THE DAIRY KITCHEN
Warm Layered Vegetable Terrine
By THE DAIRY KITCHEN
Serves
4
Difficulty
Easy
Preparation
30 MINS
Cooking
20 MINS
This stunning terrine looks amazing and is actually very easy to do. If orange vincotto is unavailable substitute balsamic glaze.
Ingredients
olive oil, for cooking2 medium eggplants, peeled and cut into 5mm thin slices
2 medium zucchini, cut into 5mm thin slices
2 red capsicum, quartered
1 yellow capsicum, quartered
1/4 cup tomato paste
1 cup grated vintage cheddar cheese
1 cup lightly packed basil leaves
100g vintage cheddar, extra, shaved
orange vincotto, to drizzle
Method
- Heat a char-grill pan and drizzle with olive oil. Char-grill the egpplants and zucchini until golden brown, reserve. Place capsicums under a hot grill, skin side up and cook until skins have blackened. Transfer to a plastic bag and seal. Allow the capsicum to steam for 5 minutes and then remove the blackened skins and discard.

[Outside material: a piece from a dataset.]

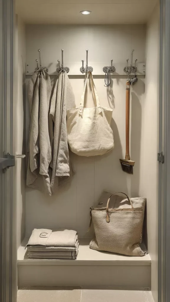 Hooks are the unsung heroes of organizational design, especially in small laundry spaces. They offer quick drop-zones for bags, hangers, cleaning tools, dusters, or even that one jacket you keep meaning to air out. By keeping everything off the floor and within easy reach, hooks help your room breathe while adding subtle structure to your daily routines. And let’s be real, sometimes the simplest solutions hit the hardest. Pro Tip: Choose sturdy metal hooks that can handle heavier items like mop handles or full laundry bags.
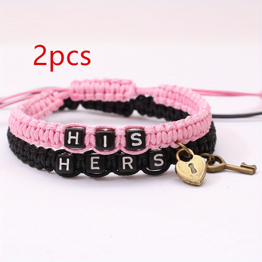 2pcs HIS HERS Couple Bracelet, Couple Lover's Pendant Woven Rope Bracelet For Men Women

- Spread the base and sides of an 11 x 21cm loaf pan with 1 tablespoon tomato paste. Reserve four slices of eggplant to finish the stack. Layer 1/3 of the remaining eggplant, followed by 1/3 of the zucchini in the base of the loaf pan. Spread with 1/3 of the remaining tomato paste and top with 1/3 cup of the grated vintage cheddar.
- Top with four quarters of the red capsicum and 1/3 of the whole basil leaves. Repeat layers twice more alternating the capsicum, red, yellow, red.
- Finish the stack with extra eggplant slices and bake at 200°C for 20 minutes or until cheese has melted. Allow to rest for 15 minutes before cutting into four slices.
- Place slices onto serving plates and top with extra shaved vintage cheddar and drizzle with orange vincotto.